START Data supplied

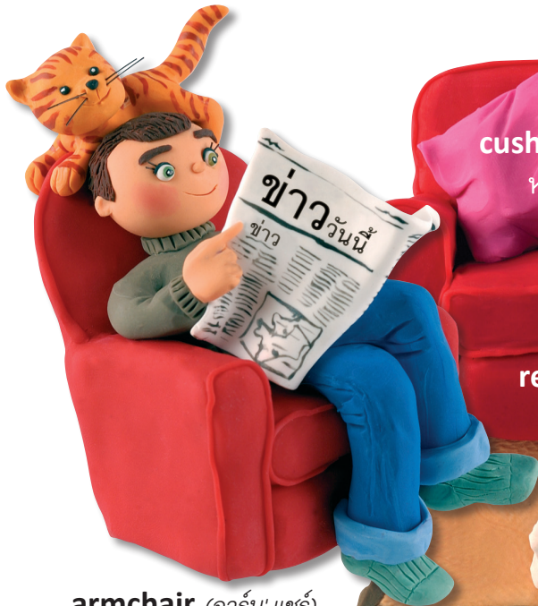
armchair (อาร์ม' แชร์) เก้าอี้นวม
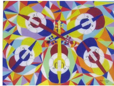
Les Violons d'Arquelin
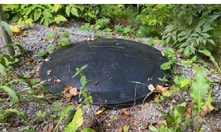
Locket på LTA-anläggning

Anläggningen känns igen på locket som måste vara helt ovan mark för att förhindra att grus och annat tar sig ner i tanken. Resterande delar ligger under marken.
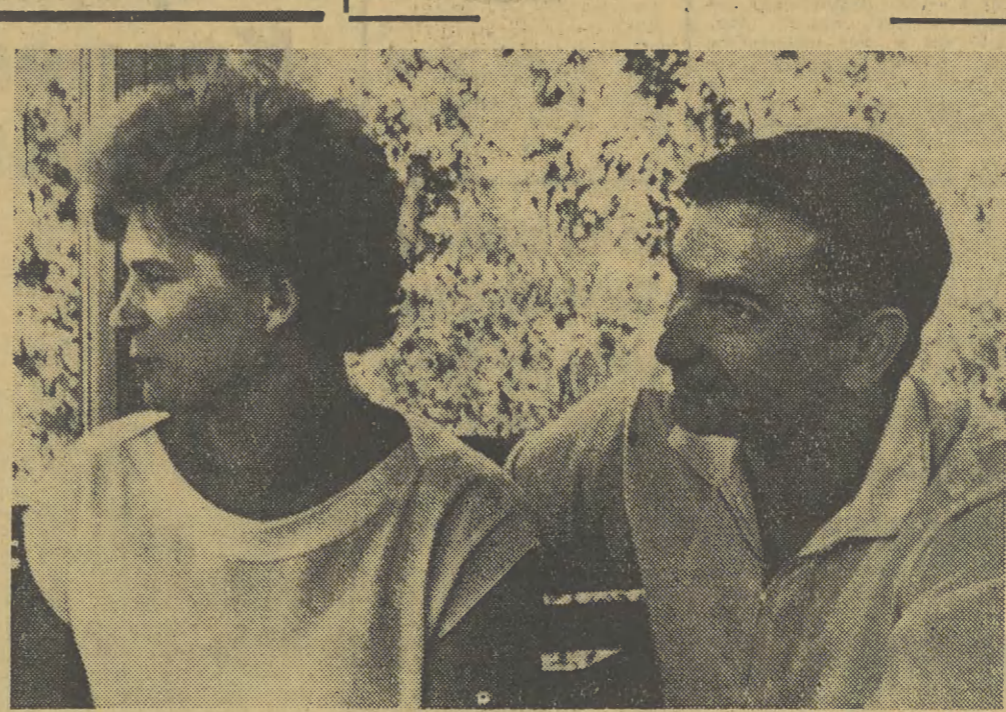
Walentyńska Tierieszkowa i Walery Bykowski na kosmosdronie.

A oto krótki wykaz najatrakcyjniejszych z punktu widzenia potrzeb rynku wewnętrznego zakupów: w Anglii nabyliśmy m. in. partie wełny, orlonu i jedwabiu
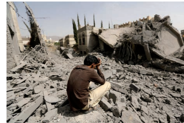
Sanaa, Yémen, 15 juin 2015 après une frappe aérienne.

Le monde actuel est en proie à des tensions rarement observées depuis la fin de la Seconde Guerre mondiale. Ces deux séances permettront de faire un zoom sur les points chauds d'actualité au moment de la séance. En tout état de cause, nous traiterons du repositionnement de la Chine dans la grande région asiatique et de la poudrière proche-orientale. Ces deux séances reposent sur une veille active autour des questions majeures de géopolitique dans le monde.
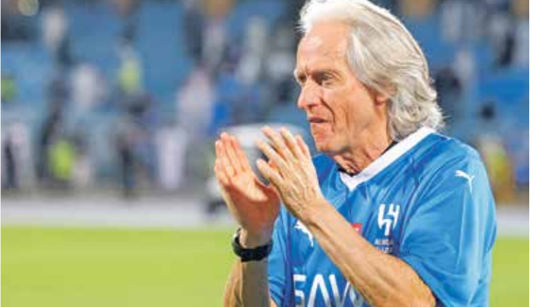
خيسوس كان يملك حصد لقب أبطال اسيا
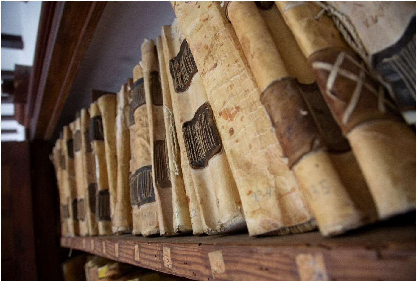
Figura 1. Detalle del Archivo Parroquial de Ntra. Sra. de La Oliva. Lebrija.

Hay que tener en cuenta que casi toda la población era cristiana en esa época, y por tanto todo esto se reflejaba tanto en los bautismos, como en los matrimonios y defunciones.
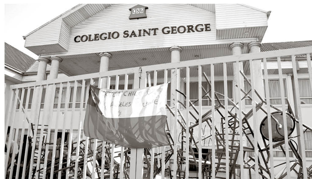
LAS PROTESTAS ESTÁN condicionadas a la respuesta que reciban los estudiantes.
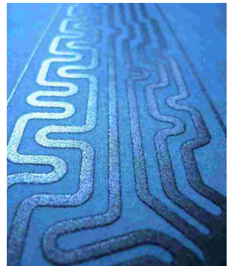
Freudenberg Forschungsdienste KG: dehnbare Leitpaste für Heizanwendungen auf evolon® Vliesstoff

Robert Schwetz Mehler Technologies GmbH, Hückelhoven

END Data supplied

The answer must be an exact transcription of the lines from the one containing "خيسوس كان يملك حصد لقب أبطال اسيا" through the last line of the records above, both included, with no pictures.

→ Exercise response
خيسوس كان يملك حصد لقب أبطال اسيا
Figura 1. Detalle del Archivo Parroquial de Ntra. Sra. de La Oliva. Lebrija.

Hay que tener en cuenta que casi toda la población era cristiana en esa época, y por tanto todo esto se reflejaba tanto en los bautismos, como en los matrimonios y defunciones.
LAS PROTESTAS ESTÁN condicionadas a la respuesta que reciban los estudiantes.
Freudenberg Forschungsdienste KG: dehnbare Leitpaste für Heizanwendungen auf evolon® Vliesstoff

Robert Schwetz Mehler Technologies GmbH, Hückelhoven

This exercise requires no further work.